Reproduce, unchanged, the lines between the one holding "Індійський килим Ghom." and the last line of the records, including both ends, but no pictures.

## Extracted entries
↓↓↓
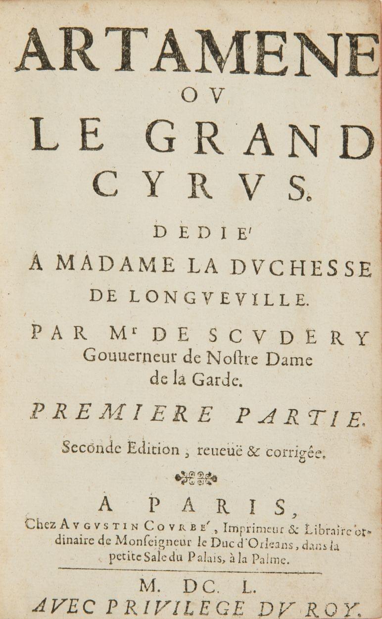 98. SCUDERY (Madeleine de): Artamene ou Le Grand Cyrus. Paris, Aug. Courbé,1650;
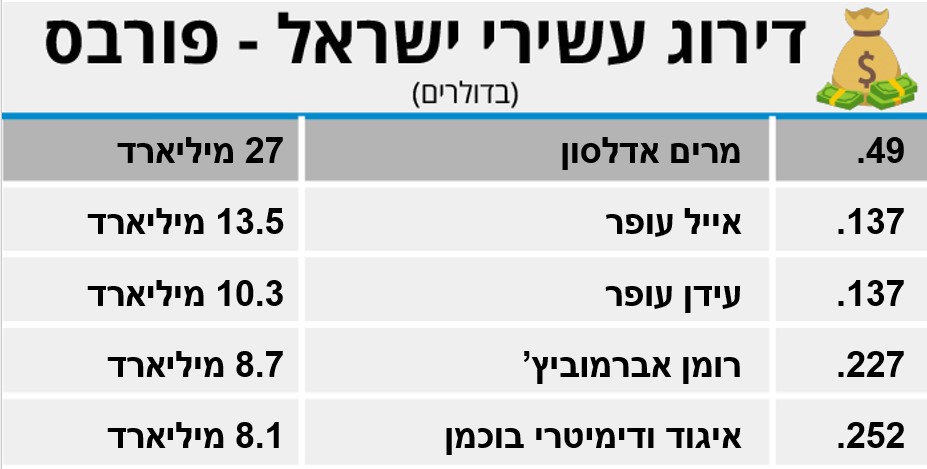 דירוג עשירי ישראל על פי מגזין 'פורבס': מרים אדלסון היא האישה הישראלית העשירה ביותר, מזנקת למקום ה-49 עם עלייה משמעותית, אייל עופר ממשיך לנסוק. ומה קורה עם רומן אברמוביץ'?
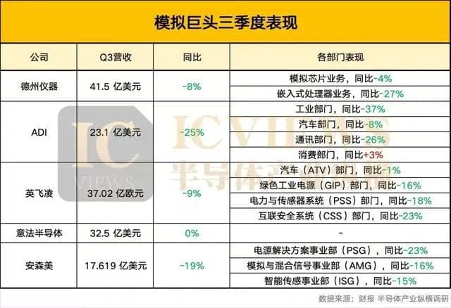 看今年三季度财报,国际模拟巨头全部飘绿,同比均有下滑。
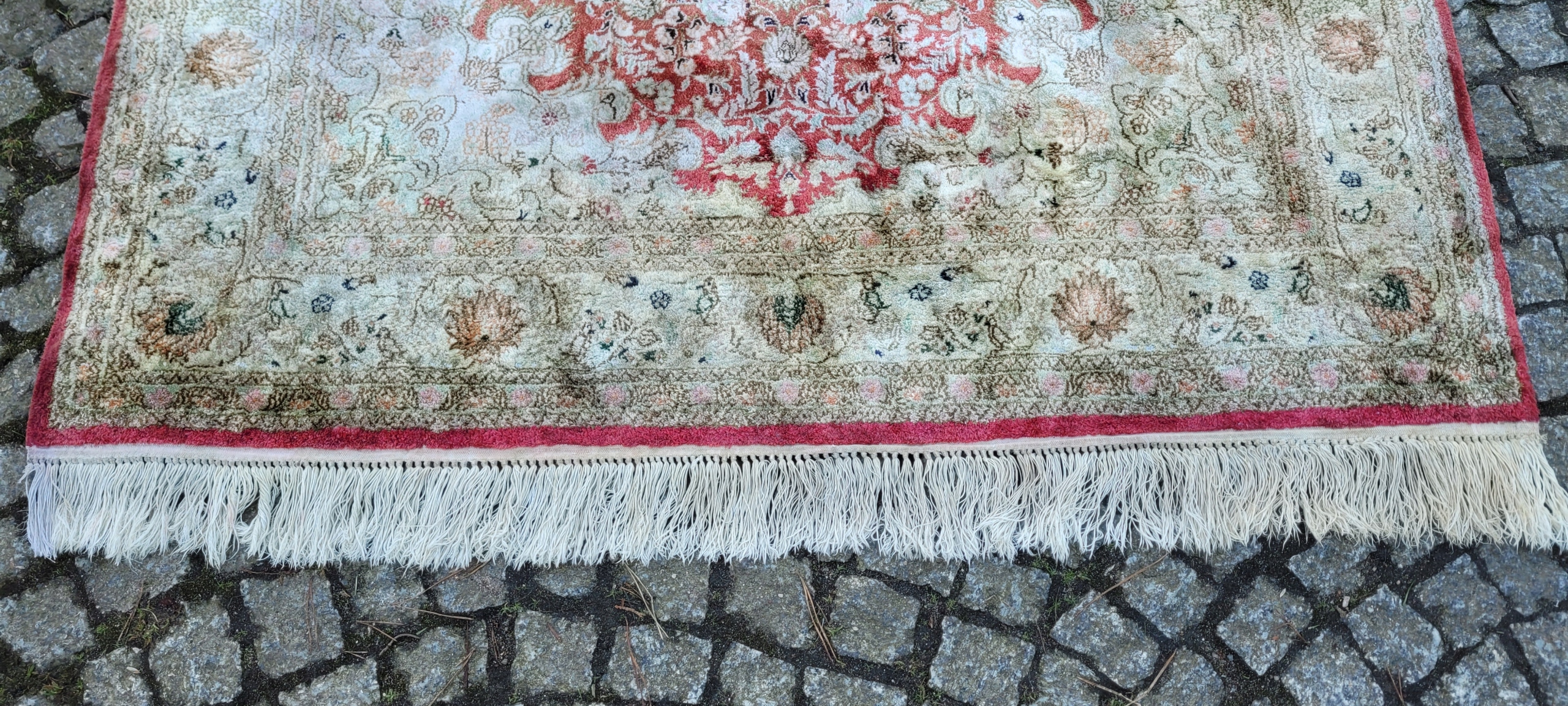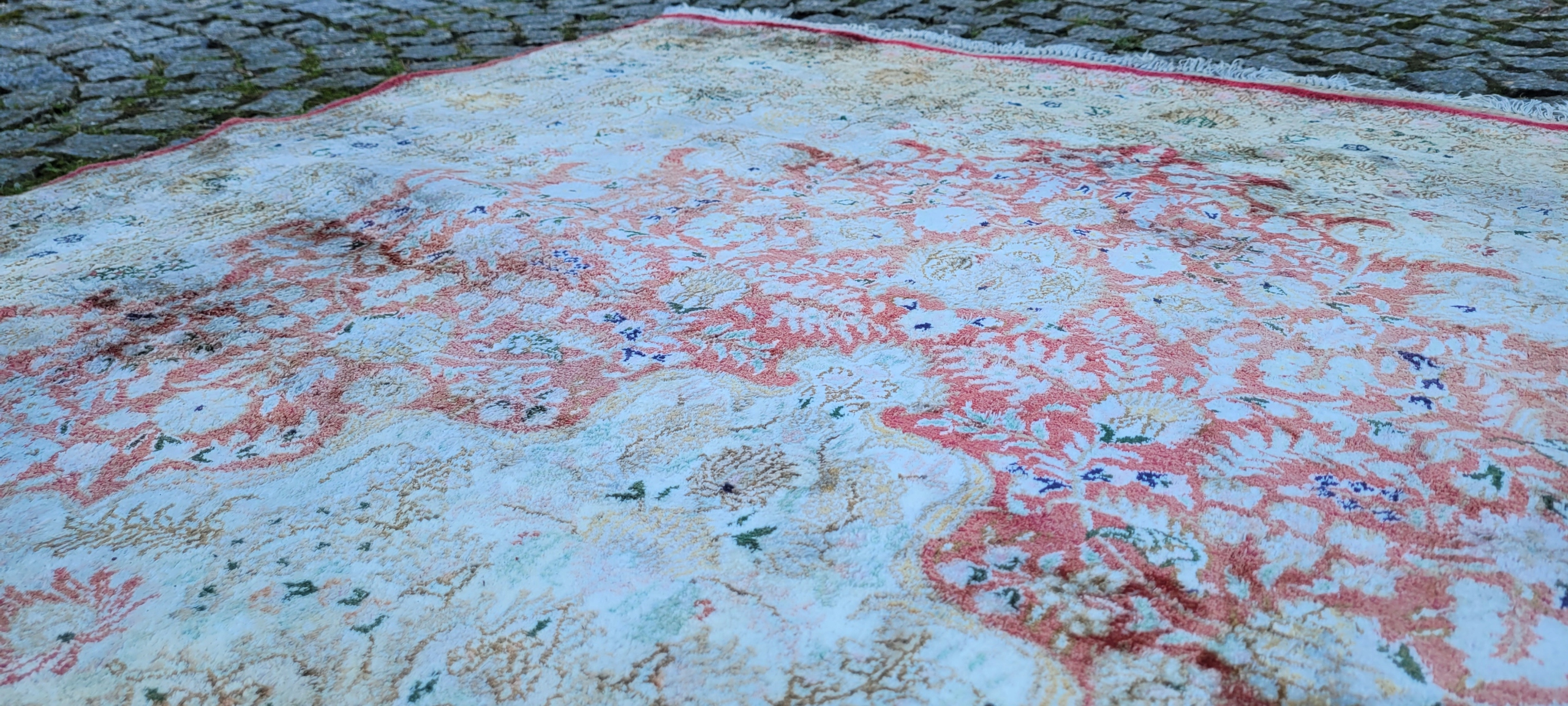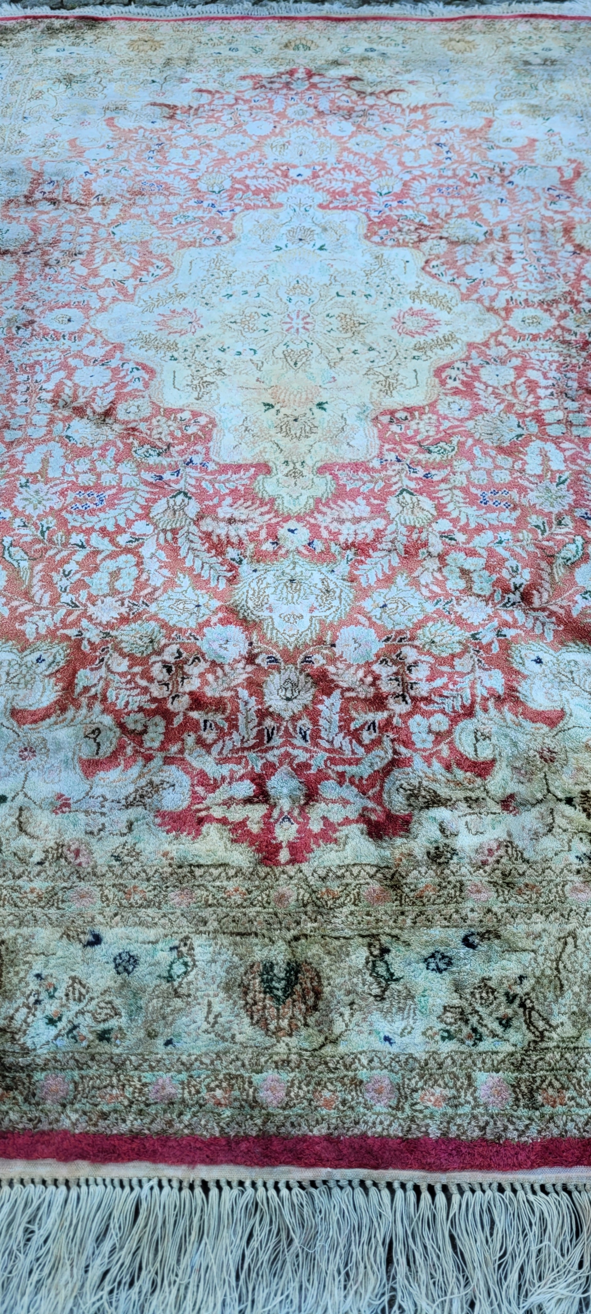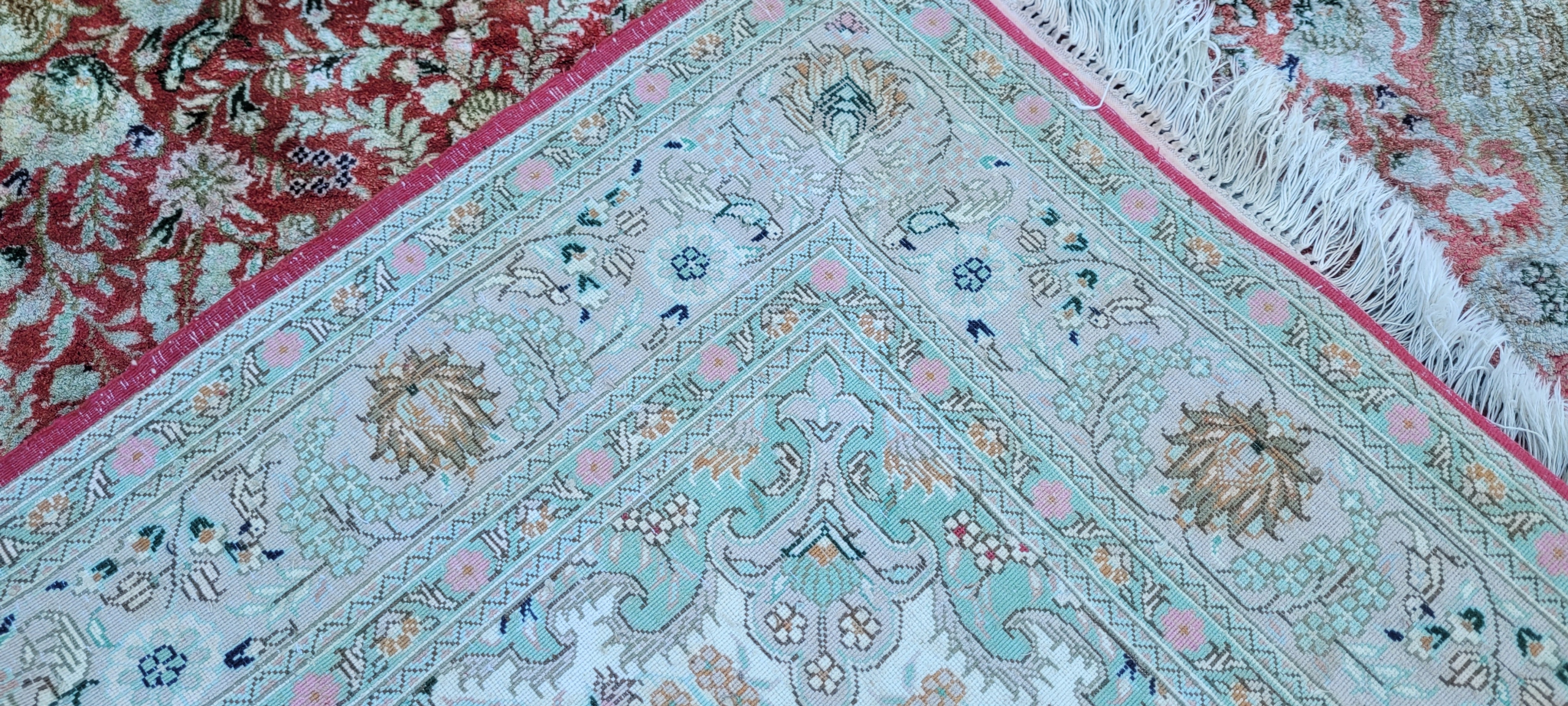 Індійський килим Ghom. Виготовлені вручну з вовни та шовку. Характеризується компактним, приємним на дотик, блискучим флісом і красивими кольорами та візерунками. Він у дуже хорошому стані, мінус видно на фотографіях.
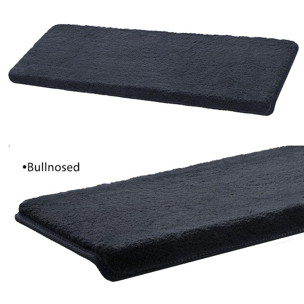 Dark Gray 9.5 in. x 30 in. x 1.2 in. Plush Bullnose Indoor Stair Tread Cover Carpet Self Adhensive Mat (Set of 12)
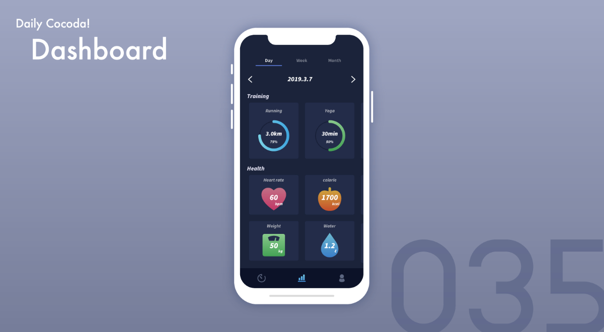 自分の記録したい項目、目標を設定してダッシュボードに表示できる仕様です。
↑↑↑
## Your response
 Індійський килим Ghom. Виготовлені вручну з вовни та шовку. Характеризується компактним, приємним на дотик, блискучим флісом і красивими кольорами та візерунками. Він у дуже хорошому стані, мінус видно на фотографіях.
 Dark Gray 9.5 in. x 30 in. x 1.2 in. Plush Bullnose Indoor Stair Tread Cover Carpet Self Adhensive Mat (Set of 12)
 自分の記録したい項目、目標を設定してダッシュボードに表示できる仕様です。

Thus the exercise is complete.